Saturday, March 27, 2010

Small tips for making Unix programming nicer

Koma is a Mac Addict by Pixteca MX【ツ】 from flickr (CC-BY)

Every Unix programmer - and I tell it authoritatively based on my statistically significant sample of 1 - creates millions of tiny scripts that he never bothers publishing. Because they're small, so overhead of cleaning up, documenting, and publishing such script would be immense. And not obviously googleable/bingable/baiduable or whatever people call it these days - it might surprise you but most things in the world are not described by a few well-defined key phrases.

I decided to get a few of such scripts, and throw a bunch of tips on top of them - hopefully you'll find a useful trick or two here.

How to avoid Unix destroying your files

First, we need to fix some of the famous Unix brain damage - cp, mv, and bash overwriting your files.
Now a case could be made for rm removing files without asking for confirmation - that's what rm stands for.
But how in the world is this:
mv most_awesome_song_ever.mp3 ~/Music/
supposed to quietly overwrite existing ~/Music/most_awesome_song_ever.mp3?
In 99% of cases this is behaviour you do not want - and if you actually do,
you know to type this instead:
mv -f most_awesome_song_ever.mp3 ~/Music/

So open your ~/.bashrc and put these commands there (at least ones for mv and cp):
alias rm='rm -i'
alias mv='mv -i'
alias cp='cp -i'

There's one more way Unix can destroy your files - command >file redirection will overwrite file without asking, so it's pretty easy for accidents this way.

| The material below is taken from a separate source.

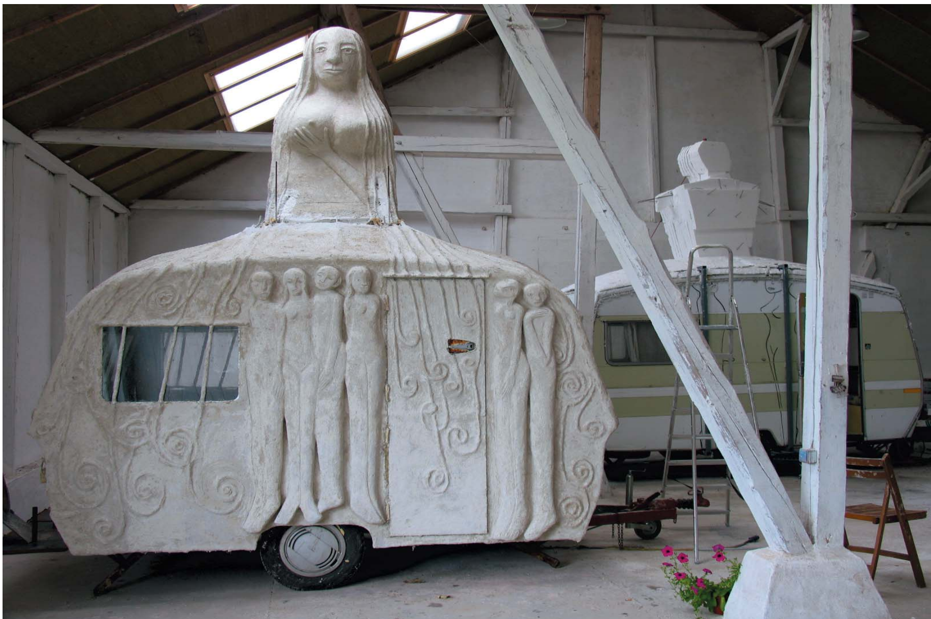
1. CampingKvinne, Beskytteren. Modell målestokk 1:1

You really don't want
cat >~/notes/girlfriend
to lose information about all your exes, do you? (example purely speculative) Get yourself into habit of always saying command >>file - appending to file. 99% of time the file in question won't exist - so the result will be the same - and in cases where file exists, you remove it first. If you make a mistake, you just ^C and you're back when you started. I haven't used overwriting redirection is years - it's completely purged from my Unix dictionary. Do the same thing.

By the way some Unix distributions do these by default. And some shells have options for asking for confirmation if > would override files. Do these anyway, just to be sure.

Make shell history useful

By default shell history stores entire 500 entries - a sensible decision back when you had 4MB of RAM, most of which taken by Emacs. It's just ridiculous these days so as first line of .bashrc put export HISTSIZE=1000000. It must be first, because if bash ever decides to exit without HISTSIZE set to a sane value, it might decide to trim your history file and lose all your history. Of course if you want to tempt the fate...

Get rid of .pyc file everywhere

Python's habit of creating .pyc files all over the place gets on my nerves - and it's dubious that they really improve performance that much. If they want to fix performance, how about dealing with GIL first instead of resorting to such hacks? Anyway export PYTHONDONTWRITEBYTECODE=1 totally fixes the problem without any side effects.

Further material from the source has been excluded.